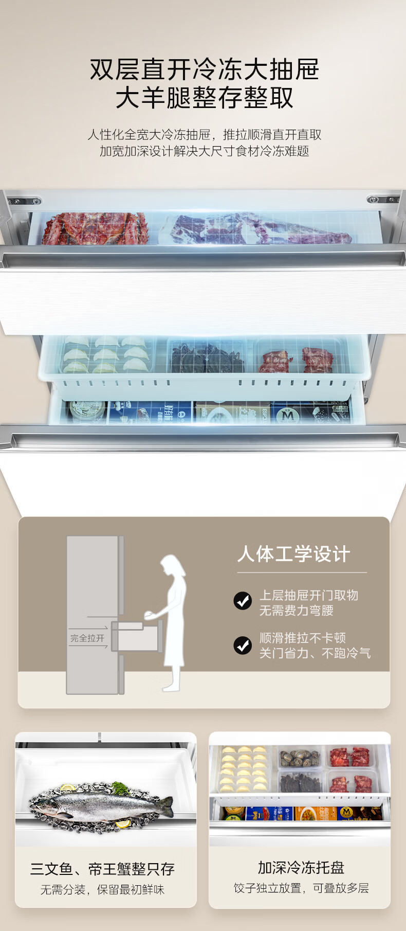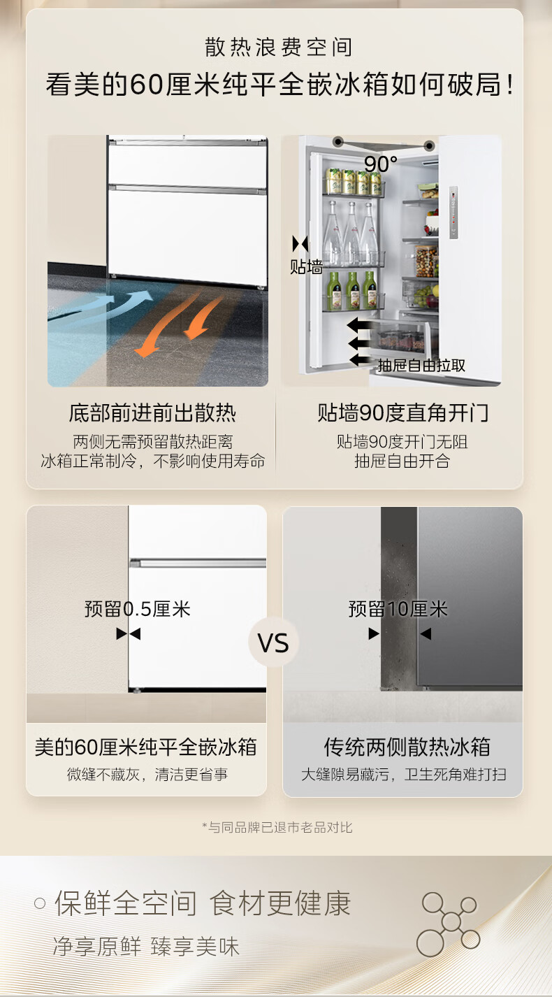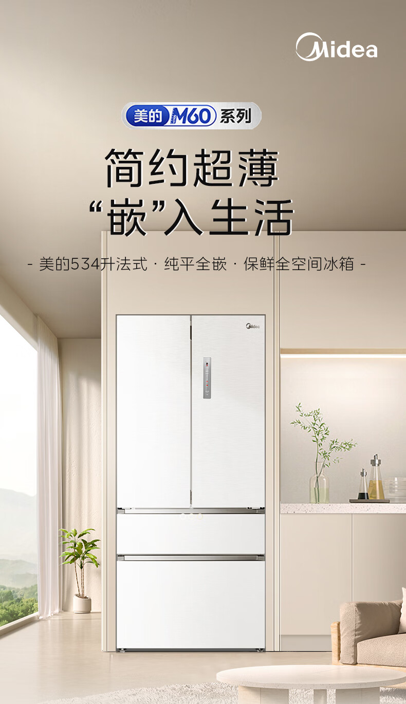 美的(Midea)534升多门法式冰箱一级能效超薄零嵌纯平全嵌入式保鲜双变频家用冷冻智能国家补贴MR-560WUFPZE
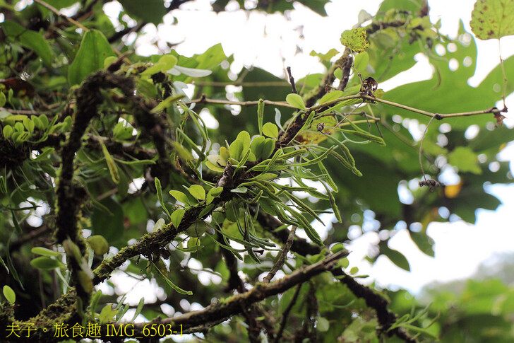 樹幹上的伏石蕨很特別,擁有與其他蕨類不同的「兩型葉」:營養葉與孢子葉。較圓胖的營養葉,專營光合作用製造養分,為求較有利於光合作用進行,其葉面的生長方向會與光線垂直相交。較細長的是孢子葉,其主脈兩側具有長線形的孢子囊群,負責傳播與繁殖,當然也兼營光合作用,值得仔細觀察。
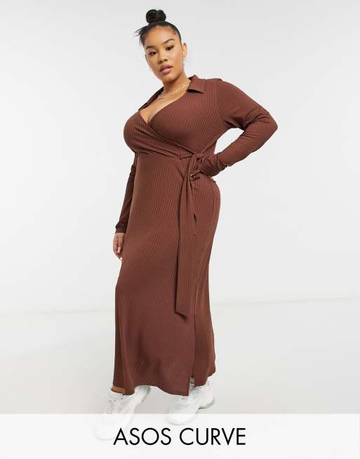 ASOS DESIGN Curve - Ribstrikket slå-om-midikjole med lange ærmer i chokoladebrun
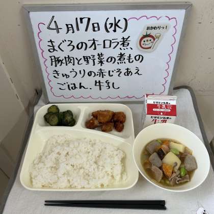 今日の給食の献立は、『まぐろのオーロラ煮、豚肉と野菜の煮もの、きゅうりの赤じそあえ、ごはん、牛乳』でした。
--*--
### Required action
Write out, word for word, the lines running from the one containing "樹幹上的伏石蕨很特別,擁有與" to the end of the data above; the pictures are to be left out.

### Written response
 樹幹上的伏石蕨很特別,擁有與其他蕨類不同的「兩型葉」:營養葉與孢子葉。較圓胖的營養葉,專營光合作用製造養分,為求較有利於光合作用進行,其葉面的生長方向會與光線垂直相交。較細長的是孢子葉,其主脈兩側具有長線形的孢子囊群,負責傳播與繁殖,當然也兼營光合作用,值得仔細觀察。
 ASOS DESIGN Curve - Ribstrikket slå-om-midikjole med lange ærmer i chokoladebrun
 今日の給食の献立は、『まぐろのオーロラ煮、豚肉と野菜の煮もの、きゅうりの赤じそあえ、ごはん、牛乳』でした。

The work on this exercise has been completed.